I citocromi P450 catalizzano i seguenti tipi di reazioni: idrossilazione di un atomo di carbonio alifatico o aromatico; epossidazione del doppio legame;

ossidazione dell'atomo (S, N, I) o N-idrossilazione; trasferimento del gruppo ossidato;

distruzione della comunicazione eterica; deidrogenazione. Alcune reazioni catalizzate

citocromo P450 sono mostrati in Fig. 2 e 3. Diverse classi di reagenti sono buone

L'ultimo carbonio della catena viene idrossilato, la cosiddetta omega-idrossilazione. COSÌ

l'idrossilazione interna avviene in diverse posizioni (posizioni -1,- 2).
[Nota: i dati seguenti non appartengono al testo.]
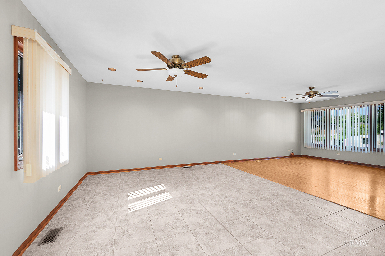Single level living at its finest! Expansive 3-4BR, 1.1 BA ranch with finished full basement and large fenced yard. Open and airy floorplan with loads of windows and space for and entertaining. Hardwood flooring in living room, hallway and all 3 bedrooms. Kitchen with granite countertops and stainless appliances including Maytag refrig and stove with Bosch dishwasher. All BRs equipped with Pella windows with interior blinds, ceiling fans with lights, closets with mirrored closet doors, adjustable organizers. Finished full basement with possible 4th BR. Laundry /utility room with double basin utility sink, cabinets and countertop for folding. Newer high efficiency furnace. Brick and PVC coated vinyl maintenance free exterior. Additional insulation added. Expanded 2-1/2+ insulated, heated garage for all your cars and toys. Excellent location. Walk to schools and parks. Near loads of shopping and minutes to Woodfield Mall, restaurants and expressways.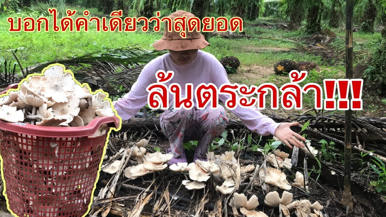 เก็บเห็ดฟางปาล์ม วันนี้ได้ครึ่งตะกล้าใหญ่มีแต่ดอกสวยๆม่วนๆหมานๆจ้า

Ciò si traduce in molte varianti di prodotto diverse anche con un alcano semplice come l'esano. Si noti che anche gli idrocarburi ciclici subiscono idrossilazione. Nella reazione di idrossilazione si forma prima un emiacetale che viene poi convertito in un alcol e in un'aldeide. Quando gli alcheni vengono ossidati dal citocromo P450, si formano ossidi biatomici. Variano nella loro stabilità e possono essere altamente reattivi. Ad esempio, il cloruro di vinile viene convertito metabolicamente in un ossido, che poi si trasforma in cloroacetaldeide, un mutageno che agisce direttamente sul DNA. Questi studi hanno portato al divieto dell'uso del cloruro di vinile nei nebulizzatori. Il gruppo vinilico dello sterolo (vinilbenzene) è noto per le sue proprietà cancerogene, ma il corpo umano è in grado di neutralizzarlo convertendo l'ossido in un diolo utilizzando l'enzima epossiidrolasi. Ma l’epossiidrolasi non sempre aiuta. Ad esempio, il citocromo P450 sintetizza l'epossido di aflotossina B1 in vivo. Questo composto è un elettrofilo altamente reattivo, è instabile e forma rapidamente un addotto con il DNA. Inoltre, anche il diolo formato dall'epossido è instabile e altamente reattivo. Anche l'ossidazione dei composti aromatici con il citocromo P450 produce epossidi, ma si trasformano rapidamente in fenolo. Come risultato dell'idrossilazione del benzene, il fenolo risultante può essere nuovamente idrossilato, trasformandosi in catecolo o idrochinone. Si noti che il catecolo e l'idrochinone possono reagire con l'ossigeno, inibendo reazioni simili con i chinoni e i superossidi, che sono tossine. Un composto così noto come la 2,3,7,8-tetraclorodibenzenediossina (TCDD) non è suscettibile all'idrossilazione ed è stabile (l'emivita nel corpo umano è di un anno o più).